9. Method according to claim 1, wherein the starting material comprises terpinenes.

10. Method according to claim 9, wherein the isomerization of the cyclic monoterpenes to terpinenes is performed in a separate process.

11. Method according to claim 9 or 10, wherein the cyclic monoterpenes are isomerized to terpinenes by heating in the presence of aqueous sulphuric acid.

12. Method according to any one of claim 1 to 11, wherein the reaction mixture is diluted with p-cymene.

13. Method according to claim 1, wherein the method comprises the steps of:
i) providing a mixture of cyclic monoterpenes and/or terpinenes, optionally in the presence of a solvent;
ii) treating the mixture of step i) with an Fe(III)-catalyst and aqueous hydrochloric acid;
and iii) isolating the formed p-cymene from the reaction mixture.

14. Method according to claim 13, wherein the catalyst is FeCI3 or FeCI3*6H2O.

15. Method according to claim 13 or 14, wherein the mixture of step i) is treated with an aqueous solution of the Fe(III)-catalyst.
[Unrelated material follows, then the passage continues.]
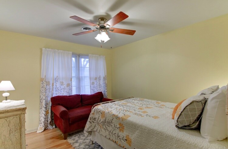 Property Id: 717155 Sweet 50s style home is adorable with many amazing original details !! This home is in a quiet neighborhood with large front and back yards. With a covered back porch, chairs & loungers provided to relax under one of the many huge pecan trees. A large pic-nic table and outside wooden cooler provided as well and a ping-pong table can be included upon request. This is a peaceful place to enjoy your morning coffee or cocktail . Local attractions such as Magnolia is 5.6 miles, Baylor University is 8.7 miles, Cameron park & Zoo is 4.4 miles, BSR water park is 16.5 miles. This 3 bedroom 2 bath with each bedroom having either a loveseat or cushioned chair with dresser and closets for comfort like home. One king bed with walk in shower - Two bedrooms with full size bed that share original bath room with tub/shower. A huge back yard that is fenced, fully stocked kitchen, newly renovated laundry room, 70in smart TV. All bills paid including WiFi.

16. Method according to any one of claims 13 to 15, wherein the isomerization and oxidation reactions are performed in two different processes and the starting material in step i) is a mixture of terpinenes as obtained in the isomerization reaction.

17. p-Cymene obtained by the method according to any one of claims 1-16.

18. Use of an Fe(III)-salt as a catalyst in a method for converting cyclic monoterpenes and/or terpinenes to p-cymene, wherein the conversion is achieved in the presence of water and at pH 4 or below.